Efficiency analysis revealed that MiMo-7B-Base achieved a rating of 75.2 on the Huge-Bench Exhausting (BBH) job, surpassing different open-source 7B fashions. It additionally carried out properly on SuperGPQA, which incorporates graduate-level reasoning questions. The post-trained MiMo-7B-RL scored 55.4 on the AIME 2025 benchmark, surpassing OpenAI’s o1-mini by 4.7 factors. On code era duties, it outperformed a lot bigger fashions like DeepSeek-R1-Zero-32B and Qwen2.5-32B-RL-Zero on each LiveCodeBench v5 and v6. These outcomes reveal {that a} correctly optimized 7B mannequin can rival and even outperform fashions with greater than 4 occasions the variety of parameters.

The MiMo-7B challenge serves as a concrete demonstration of how pre-training, information high quality, and reinforcement studying infrastructure contribute to the ultimate reasoning functionality of a language mannequin. By rethinking the pipeline from information extraction to reward computation, the Xiaomi analysis group achieved compact but highly effective fashions appropriate for real-world purposes in arithmetic, coding, and logic. Their strategy highlights the untapped potential of small fashions and challenges the belief that measurement alone determines intelligence or versatility.

Key Takeaways from the Analysis on MiMo-7B:

MiMo-7B was educated on a large dataset of 25 trillion tokens, focusing on reasoning duties via using structured information mixtures.
130,000 math and code issues have been utilized in RL coaching, every annotated with problem scores to allow efficient reward shaping.
Three-stage pre-training raised math and coding content material to 70%, adopted by 10% artificial problem-solving information.
A seamless rollout engine elevated RL coaching pace by 2.29 occasions and validation by 1.96 occasions.
MiMo-7B-RL achieved 55.4 on AIME 2025, outperforming OpenAI o1-mini by 4.7 factors.
MiMo-7B fashions are publicly out there and embody all checkpoints: base, SFT, and RL variants.
The mannequin’s success exhibits that small, well-designed fashions can rival or exceed the efficiency of 32B fashions in reasoning duties.

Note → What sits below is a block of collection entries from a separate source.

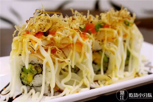 先来份浮夸卷?帝皇蟹铺面,颗粒分明的米饭将青瓜和牛油果紧紧拥抱,天妇罗碎散落在被火焰炙烤过的皇帝蟹上面,姿态诱人~经过炙烤的它,入口即化,芝香浓重,无论口感还是味道都超棒的!
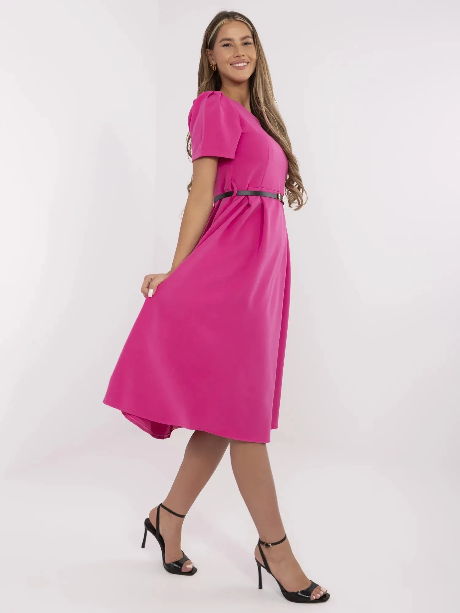 Wymiary sukienki w rozmiarze one size mierzone na płasko: szerokość pod pachami - 47 cm, szerokość w talii - 41 cm, długość rękawa - 23 cm, szerokość w biodrach - 65 cm, długość całkowita - 118 cm.
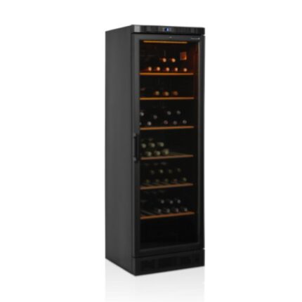 Bιτρίνα κρασιών, μονή στενή (Slim) , χωρητικότητας 113 lt, Bartscher Γερμανίας. Χάρη στον μοντέρνο σχεδιασμό της και τις μικρές της διαστάσεις (396x580x1030mm) αυτή η βιτρίνα κρασιών της Bartscher αποτελεί την ιδανική λύση για χρήση σε εστιατόρια- μπαρ αλλά και γενικότερα σε καταστήματα εστίασης. Οι δύο ξεχωρσιτά ρυθμιζόμενες ζώνες θερμοκρασίας , καθώς και η πόρτα με διπλό τζάμι και φίλτρο UV διασφαλίζουν την ιδανική συντήρηση αλλά και προβολή κόκκινων & λευκών κρασιών.

Take a look at the Paper and GitHub Web page. Additionally, don’t overlook to observe us on Twitter and be part of our Telegram Channel and LinkedIn Group. Don’t Overlook to affix our 90k+ ML SubReddit.

🔥 [Register Now] miniCON Digital Convention on AGENTIC AI: FREE REGISTRATION + Certificates of Attendance + 4 Hour Brief Occasion (Could 21, 9 am- 1 pm PST) + Palms on Workshop

Nikhil is an intern guide at Marktechpost. He’s pursuing an built-in twin diploma in Supplies on the Indian Institute of Expertise, Kharagpur. Nikhil is an AI/ML fanatic who’s at all times researching purposes in fields like biomaterials and biomedical science. With a powerful background in Materials Science, he’s exploring new developments and creating alternatives to contribute.